このことに関して教育についてみると,二つの問題が指摘できる。一つは,社会計画全体の中において,教育分野に投ずべき資源の割合であり,もう一つは,教育分野内で,どの部分に重点をおくべきか等の資源の配分の問題である。

教育資源の配分を考えるにあたつては,次の3点について考慮する必要がある。


(a) 教育の目標に応じた教育資源の適正な配分

教育の広い社会的な目的に照らして教育の目標を明確にするとともに,教育の諸目標間の優先度を明らかにする必要がある。そのためには,教育の成果を測定しうる適切な指標を研究開発することが必要である。また,教育活動諸形態の単位費用等に関する客観的な資料を整備することが必要である。

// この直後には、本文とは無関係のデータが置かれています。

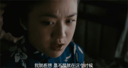 影院里见到邝裕民,王佳芝用颤抖不安的表情和语调问他:

(b) 教授学習過程の効率を高めるような教育資源の適正な組み合わせ

最近,教育工学的手法が注目され始めているが,これを教授・学習過程に正しく結びつけるには,将来の,全体としての教育システムの開発という広い見地からの大規模な研究開発が必要である。


(C) 現存する技術のわく内での有効な資源の活用のための資源の適正な管理

1965年以降,アメリカ合衆国連邦政府の予算編成にいわゆるPPBS方式が導入され,イギリスなどの諸国においても同様の方式が検討され,科学的管理方式の導入,開発が研究されているが,教育のような知的創造にかかわる仕事の正しい管理技術の開発のために,今後いつそうの研究がなされることが必要である。